What's wrong with multiple re-allocations? AIUI, ArrayList grows its capacity
by doubling the array size, so there's not going to be a whole lot of
re-allocation overhead - possibly even less than by manually calling
ensureCapacity(), if you're not at least doubling the internal capacity with
each call.

 

[Patricia Shanahan]

I meant, I had a look at the Javadoc for ArrayList and skimmed over
those of its methods that aren't specified by interfaces. Only
those that deal with capacity (querying and setting) are specific
to ArrayList. Plus there is also removeRange(), which it inherits
from AbstractList, and thus also isn't available through List-API.
Vector also offers these features.

While I'm not judging the practical value of these, it seems like
Vector was the only threadsafe collection that had removeRange
and a means to get/set the capacity in case a known large number
of items needs to be added, to avoid multiple incremental
re-allocations.

removeRange is not really needed, because the same job can be done using
only the List interface: myList.subList(from, to).clear();

This sort of operation requires explicit synchronization to prevent any
changes in the list between calculation of the index values and the
clear call.

Patricia

 

[Andreas Leitgeb]

Why do people insist on calling Vector "thread safe"? Having synchronized
methods doesn't make it thread safe.

I fail to see in which way a Vector was any *less* "thread safe" than
a Collections.synchronizedList(new ArrayList(...)).

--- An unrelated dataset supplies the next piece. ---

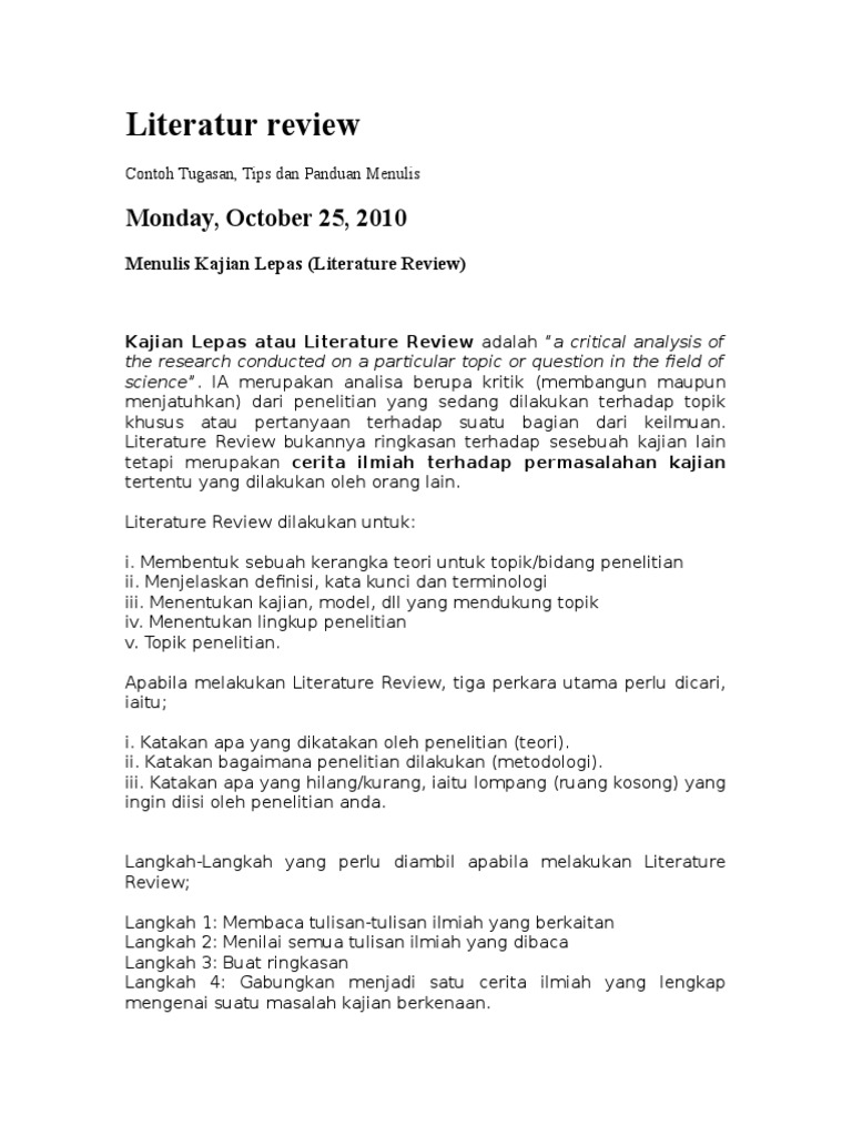 Kajian Lepas Atau Literature Review Adalah

Docu for synchronizedList says:
" Returns a synchronized (thread-safe) ..."
Note, it doesn't say "synchronized and also thread-safe",
but rather seems to consider those two to be like synonyms.

Docu for Vector only says:
" Vector is synchronized.

What operations can I do on a synchronizedList without extra
synchronization-block, that I cannot do on a Vector likewise
and with same level of real thread-safety?